Equity Ownership & Alignment Commentary
- As of Sep 15, 2025, Mulica beneficially owned 73,292 shares (<1%); includes options to purchase 17,500 shares exercisable within 60 days .
- As of May 30, 2024, he beneficially owned 318,550 shares (<1%); includes 89,525 RSUs vesting within 60 days .
- As of Aug 8, 2023, he beneficially owned 229,025 shares (<1%) .
- Company insider trading policy prohibits pledging, short sales, options trading, hedging, margin accounts, and other speculative transactions, reducing misalignment risk .
Compensation Structure Analysis
- Shift to executive pay in Oct 2025: Introduction of $300k salary and time‑based RSUs ($250k/year) indicates increased guaranteed compensation vs. prior director‑only pay; asset purchase award adds event‑based incentive leverage .

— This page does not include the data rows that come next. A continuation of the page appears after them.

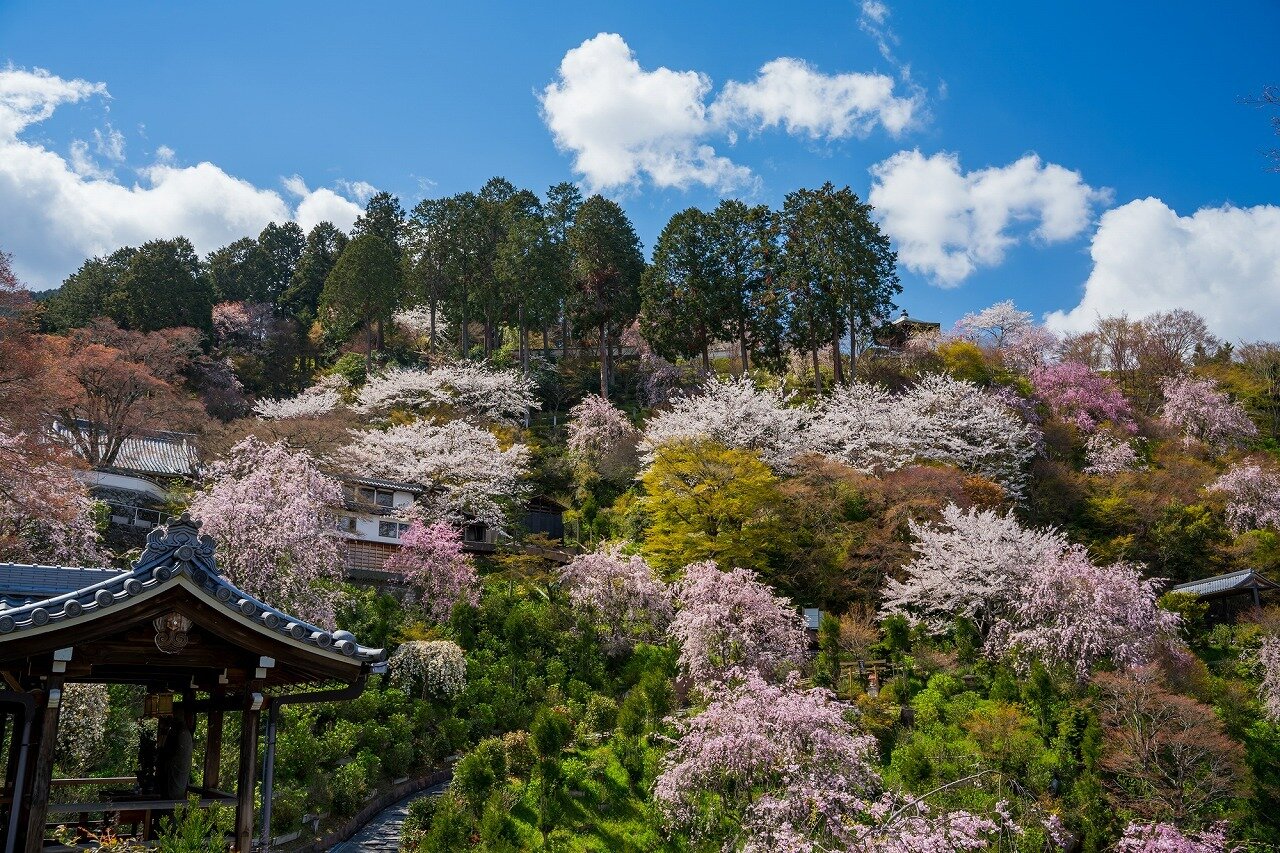境内には100本以上の桜があり、お手植えの桜は樹齢300年の名木。JR東海の「そうだ京都行こう」のCMで放映された桜。彼岸桜、しだれ桜、山桜、ぼたん桜などの桜が山全体に咲きます。また、3,000坪の白山あじさい苑では、約8,000株の紫陽 花が斜面一面を彩ります。その他、牡丹、平戸つつじ、サツキ、梅などが楽しめます。秋は、シュウメイギクや紅葉が綺麗です。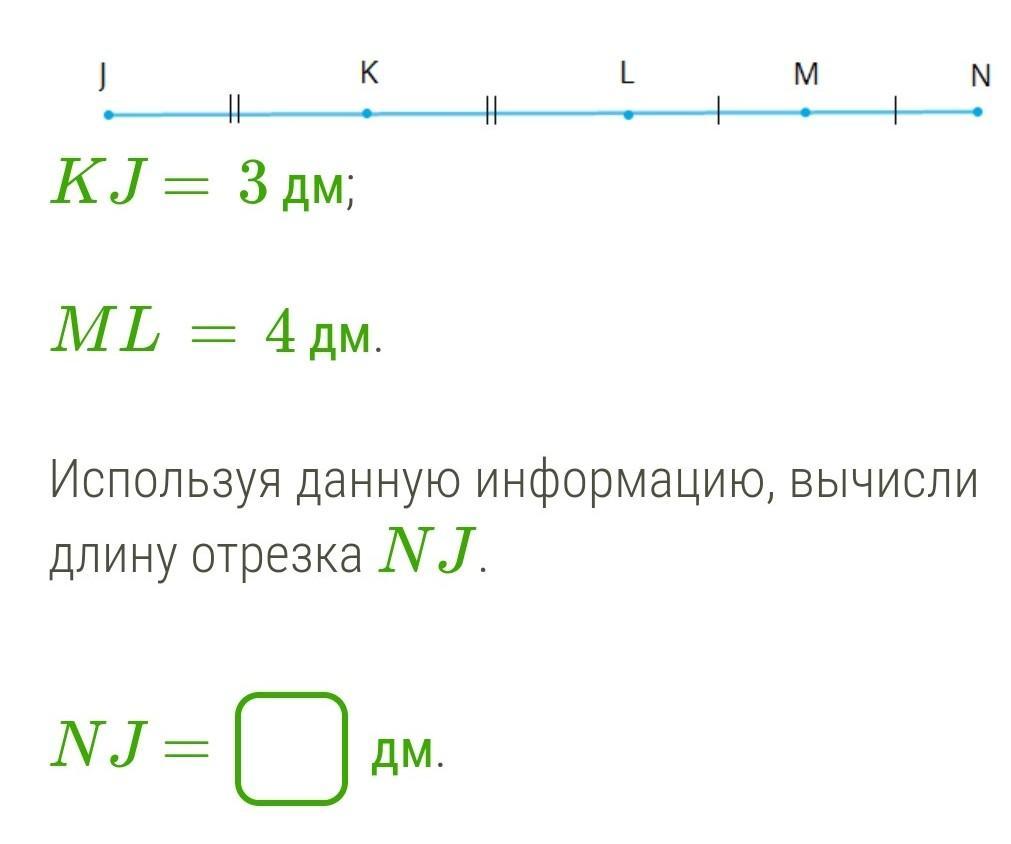 короче сначала складываем два равных отрезка по 3 дм(JK u KL):3+3=6дм
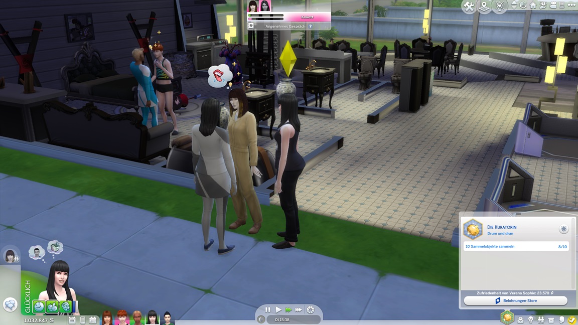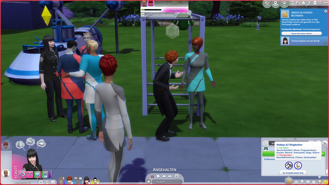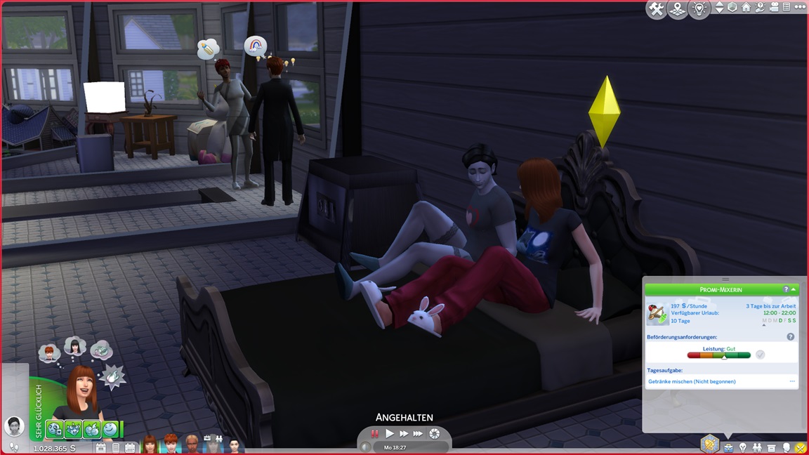 Die Entscheidung des nächsten Bestrebens ließ ich offen. Etwas Soziales würde sich anbieten, doch das Micromanagement von drei Sozialcharakteren erweist sich aktuell bereits als zuviel.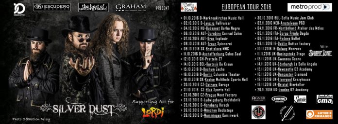 A la veille du départ, le groupe a encore du mal à y croire: « Silver Dust s’apprête à écrire une grande page de son histoire et se réjouit de partir sur les routes d’Europe aux côtés du groupe finlandais Lordi. Lord Campbell, Kurghan, Mr.Killjoy et Tiny Pistol tiennent à remercier les très nombreuses personnes qui ont rendu cette aventure possible et sont impatients de tous vous retrouver, notamment le 12 octobre à Pratteln (CH) et le 4 novembre à Montbéliard (F). Rock on ! »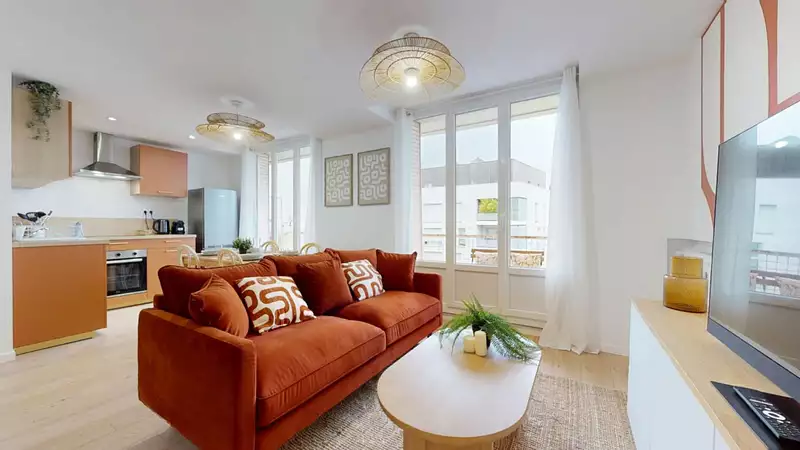 Cette colocation est composée de 3 chambres, d'un grand séjour de près de 23.61 m², avec cuisine ouverte totalement équipée et d'une buanderie (lave-linge/sèche-linge/kit ménage).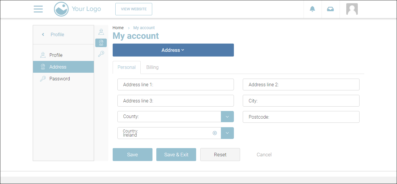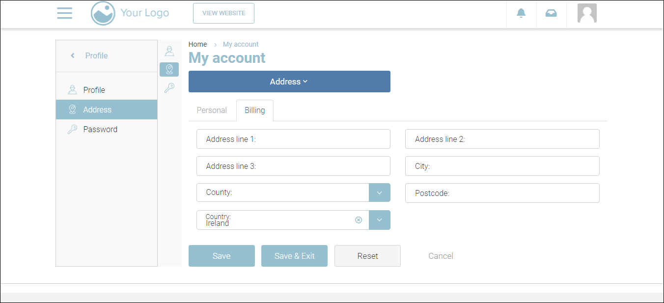 On the Address page, you can update your personal address and billing address.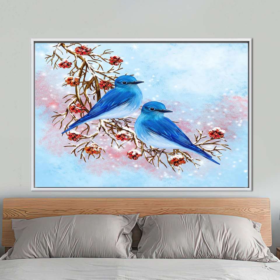 Handmade Gift: Blue Two Birds Painting Canvas Decor, Modern Printed Animal Art,1P:White Framed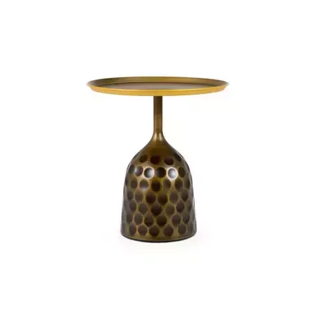 Изящный столик Estetulu имеет стильный дизайн и детализированное исполнение. Отличается долговечной конструкцией из металла. Дизайн вдохновлен формой перевернутого бокала. Основание-«колокольчик» грациозно поддерживает круглую столешницу. Рельефные углубления на металле придают динамичность, эффектность.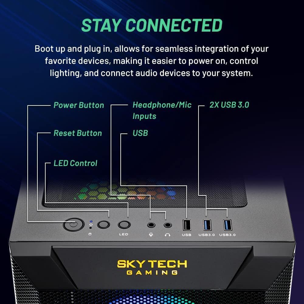 4 RGB Fans for Maximum Air Flow | Skytech Chronos II Case Black Edition with Front Mesh | 1 Year Warranty on Parts and Labor | Lifetime Free Technical Support | Assembled in the USA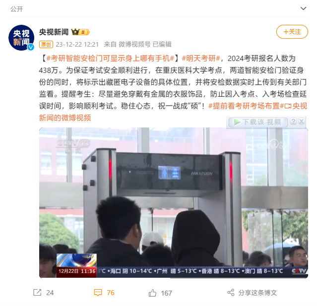 明天(12月23日),2024年全國碩士研究生招生考試將正式開考。據(jù)央視新聞,今年多個(gè)省份在考研須知中明確表示,考生入場時(shí)將新增智能安全門檢 ...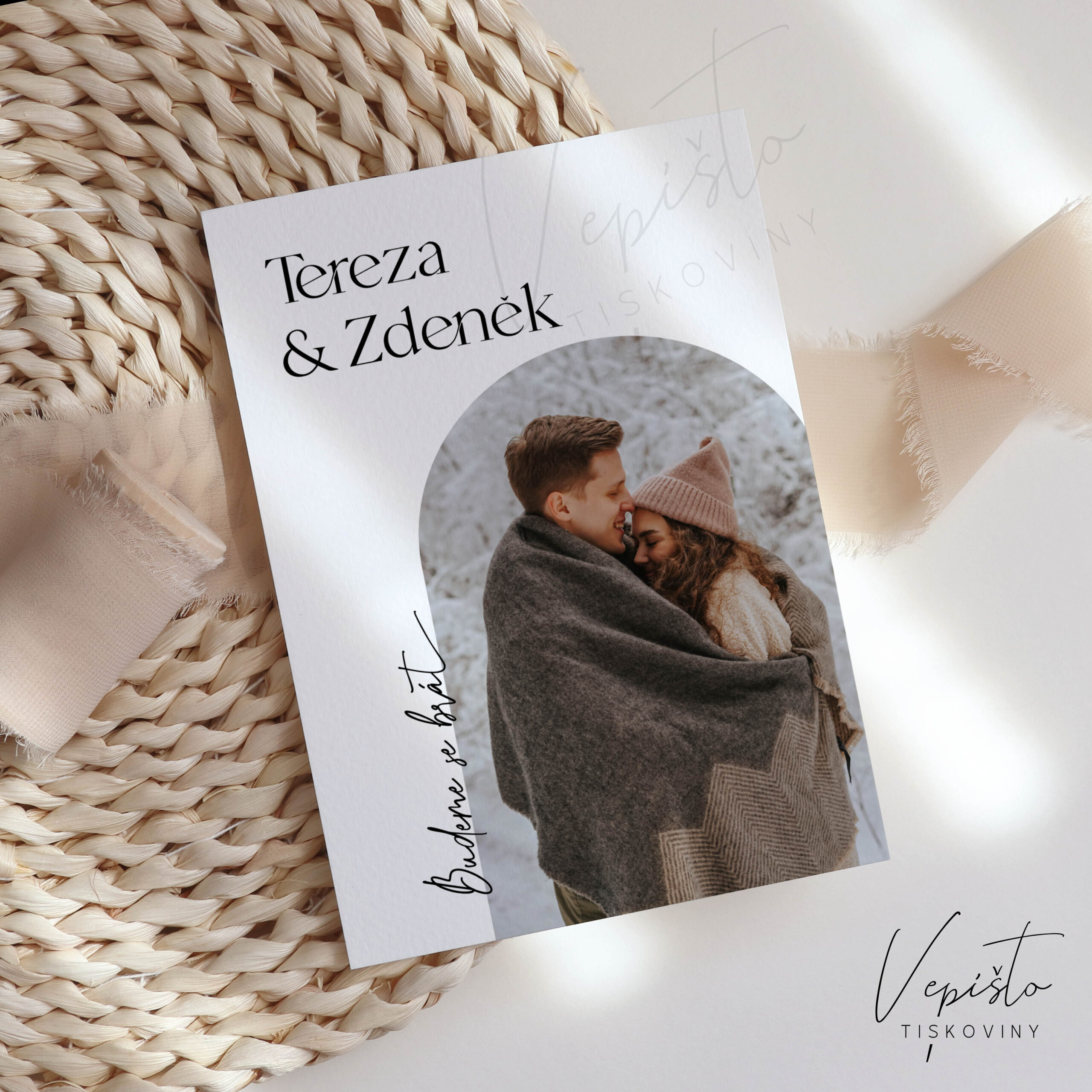 Oblouky, svatební oznámení s fotografií
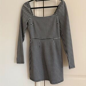 Francesca’s Mi Ami Houndstooth Square Neck Dress Size Medium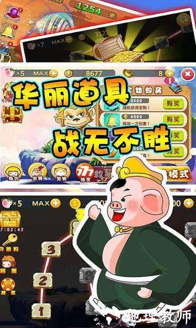 游戏中,你将扮演孙悟空、猪八戒、唐僧中的一位,通过跑酷的方式,消灭途中大大小小的妖怪,一路奔袭到牛魔王的老巢,与其展开生死大决战。你需要克服种种困难,努力地跑出更远的距离,跑得越远,你打击boss的时间越长,对牛魔王的伤害也就越大。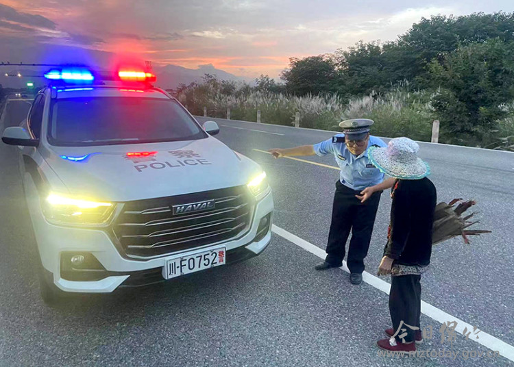 当天晚上7点20分,交警侯思枢与张帅巡逻至货运大道绵远段时,发现一名80岁左右的大娘,怀里抱着一捆木材,在道路中央行走。她的身旁不时有货车经过,情况十分危险。两人迅速上前将大娘拦下,将其带至安全地方。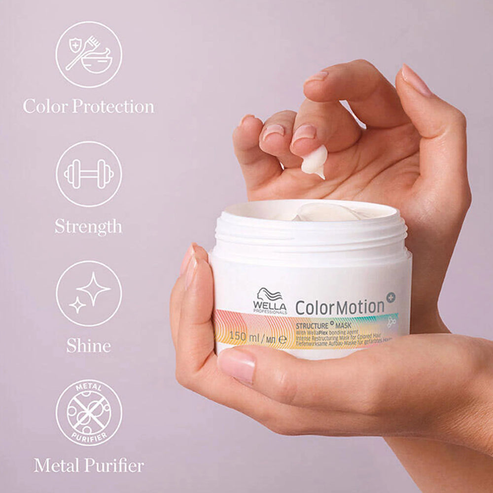 استمتعي بقوة ثلاث فوائد في علاج واحد مكثف مع قناع ويلا كولور موشن+ ستراكشر+ . صُمم هذا القناع المتطور لإعادة بناء الشعر خصيصًا للشعر المصبوغ الذي يحتاج إلى تقوية فائقة، حيث يعمل على تقوية بنية الشعر مع الحفاظ على لونه الزاهي.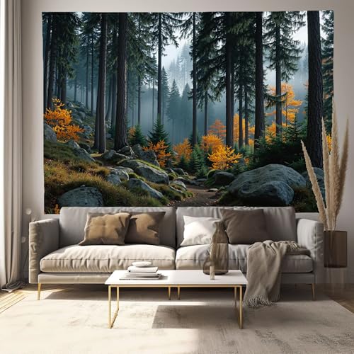 JRISEMECY Tapisserie Murale Forêt Brumeuse Naturelle Tenture La Grande Paysage Réaliste Deco Tenture Murale Poster 3D Effet Vert Foncé Peinture Murales Tissu Estampes Pour Chambre Salon 200X150Cm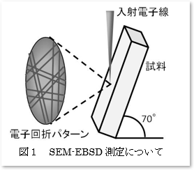 走査電子顕微鏡(SEM)は、細く絞った電子線で試料表面を走査し、ミクロ〜ナノスケールでの表面構造の観察や、エネルギー分散型X線検出器(EDS)による元素分析を主な用途として、製品開発や品質管理に広く利用されています。 SEM-EBSD測定では、試料を70°程度に傾斜して電子線を照射し、試料表面から発生する後方散乱電子回折パターンを専用の検出器で検出します(図1)。このパターンについて、結晶方位解析を行うと、試料の結晶粒観察や結晶方位分布などが得られます。

- Director equity remains single‑installment annual RSU grants with CoC acceleration; non‑exec chair role carried additional RSU and cash retainers prior to the executive appointment .
- Equity plan governance: no discounted options; director comp cap of $600k/year ($1,000k for first‑year directors); evergreen share increases; 2025 proposal to add 1,000,000 shares to plan .
- Use of independent compensation consultant (Compensia) in 2023 for benchmarking reduces conflict risk; no disclosed consultant conflicts .
Employment Terms – Change‑of‑Control Economics
- Severance features include double‑trigger‑like coverage (e.g., CIC termination by Company or non‑renewal) and immediate vesting of RSUs/Substitute Cash Grants upon qualifying termination, which can create concentrated vest events around corporate transactions .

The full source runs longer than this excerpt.